[WHAT TO WORK ON] Transcribe only the lines in the data below falling between the line with "帅大叔、台湾旅游摄影达人陈耀恩在薰衣草田留影。(中国台湾网 王怡然 摄)" and the line with "The balance of", including those two lines, and leave out any picture.

[MATERIAL FOR THE TASK]
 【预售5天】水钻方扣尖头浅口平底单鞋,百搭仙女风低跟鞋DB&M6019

...

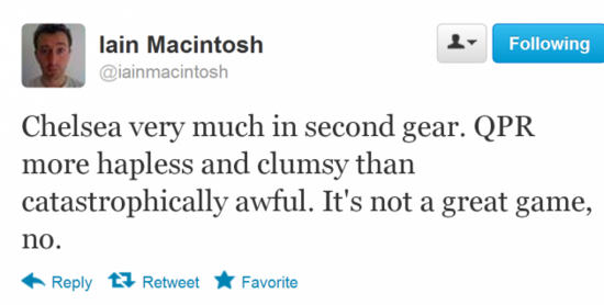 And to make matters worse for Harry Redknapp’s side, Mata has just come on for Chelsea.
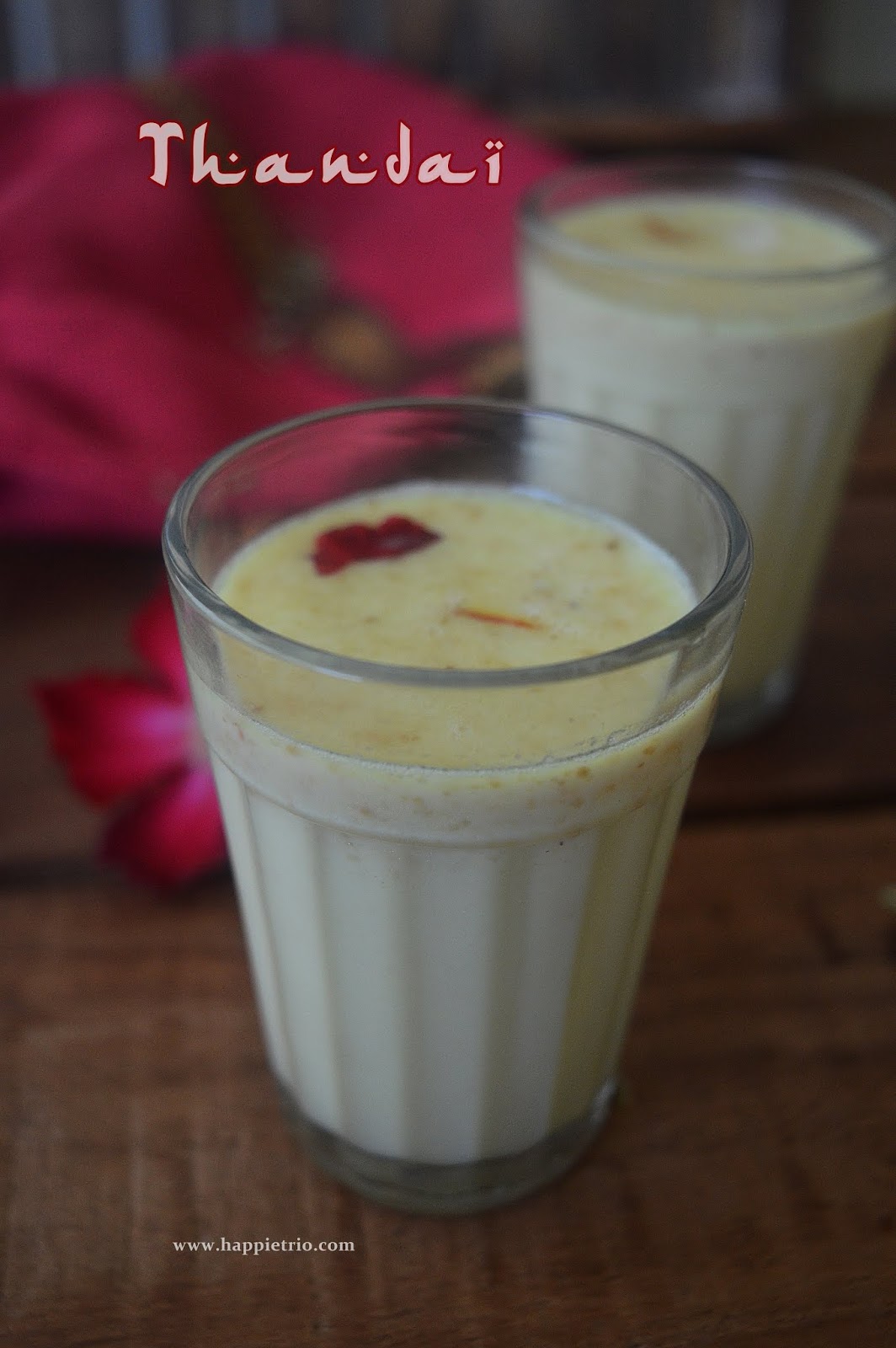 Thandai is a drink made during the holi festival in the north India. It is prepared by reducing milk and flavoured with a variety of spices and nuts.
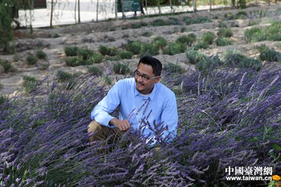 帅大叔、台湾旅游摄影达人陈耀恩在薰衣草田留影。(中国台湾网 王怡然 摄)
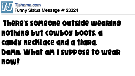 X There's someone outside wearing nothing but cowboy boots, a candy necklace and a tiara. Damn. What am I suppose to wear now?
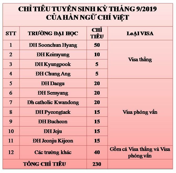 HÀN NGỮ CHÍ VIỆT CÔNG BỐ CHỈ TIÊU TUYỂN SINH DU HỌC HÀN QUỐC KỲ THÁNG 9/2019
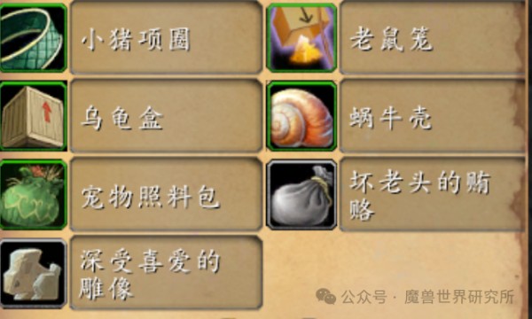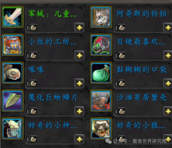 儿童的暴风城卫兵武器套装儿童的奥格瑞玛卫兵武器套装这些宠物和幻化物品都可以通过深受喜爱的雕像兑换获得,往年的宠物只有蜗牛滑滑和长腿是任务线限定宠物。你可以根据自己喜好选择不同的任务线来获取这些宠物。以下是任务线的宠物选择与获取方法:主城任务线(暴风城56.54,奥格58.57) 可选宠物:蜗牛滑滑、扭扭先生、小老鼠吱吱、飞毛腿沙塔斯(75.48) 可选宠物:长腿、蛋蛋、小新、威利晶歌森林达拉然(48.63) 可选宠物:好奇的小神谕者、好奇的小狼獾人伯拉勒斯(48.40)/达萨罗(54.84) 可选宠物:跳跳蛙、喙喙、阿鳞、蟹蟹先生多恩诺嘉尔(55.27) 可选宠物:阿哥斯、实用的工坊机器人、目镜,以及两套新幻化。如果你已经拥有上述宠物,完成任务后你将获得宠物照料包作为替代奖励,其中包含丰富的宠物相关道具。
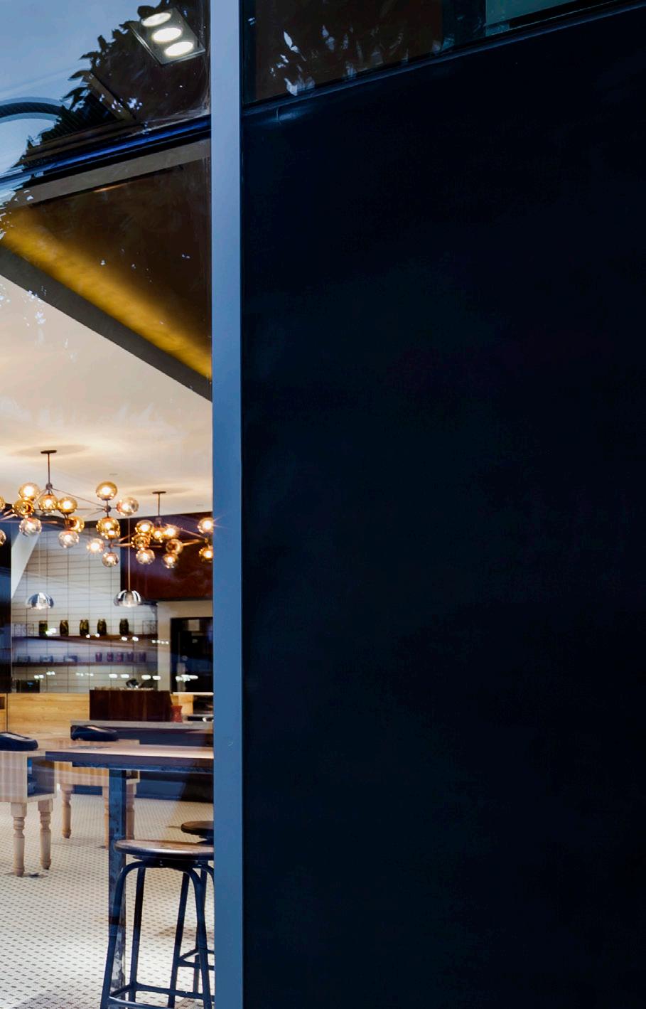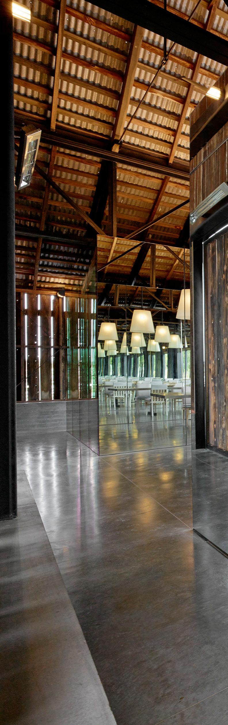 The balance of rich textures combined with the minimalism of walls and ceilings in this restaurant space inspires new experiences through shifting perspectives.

[SOLUTION TO THIS EXERCISE]
 帅大叔、台湾旅游摄影达人陈耀恩在薰衣草田留影。(中国台湾网 王怡然 摄)
 X There's someone outside wearing nothing but cowboy boots, a candy necklace and a tiara. Damn. What am I suppose to wear now?
 HÀN NGỮ CHÍ VIỆT CÔNG BỐ CHỈ TIÊU TUYỂN SINH DU HỌC HÀN QUỐC KỲ THÁNG 9/2019
 儿童的暴风城卫兵武器套装儿童的奥格瑞玛卫兵武器套装这些宠物和幻化物品都可以通过深受喜爱的雕像兑换获得,往年的宠物只有蜗牛滑滑和长腿是任务线限定宠物。你可以根据自己喜好选择不同的任务线来获取这些宠物。以下是任务线的宠物选择与获取方法:主城任务线(暴风城56.54,奥格58.57) 可选宠物:蜗牛滑滑、扭扭先生、小老鼠吱吱、飞毛腿沙塔斯(75.48) 可选宠物:长腿、蛋蛋、小新、威利晶歌森林达拉然(48.63) 可选宠物:好奇的小神谕者、好奇的小狼獾人伯拉勒斯(48.40)/达萨罗(54.84) 可选宠物:跳跳蛙、喙喙、阿鳞、蟹蟹先生多恩诺嘉尔(55.27) 可选宠物:阿哥斯、实用的工坊机器人、目镜,以及两套新幻化。如果你已经拥有上述宠物,完成任务后你将获得宠物照料包作为替代奖励,其中包含丰富的宠物相关道具。
 The balance of rich textures combined with the minimalism of walls and ceilings in this restaurant space inspires new experiences through shifting perspectives.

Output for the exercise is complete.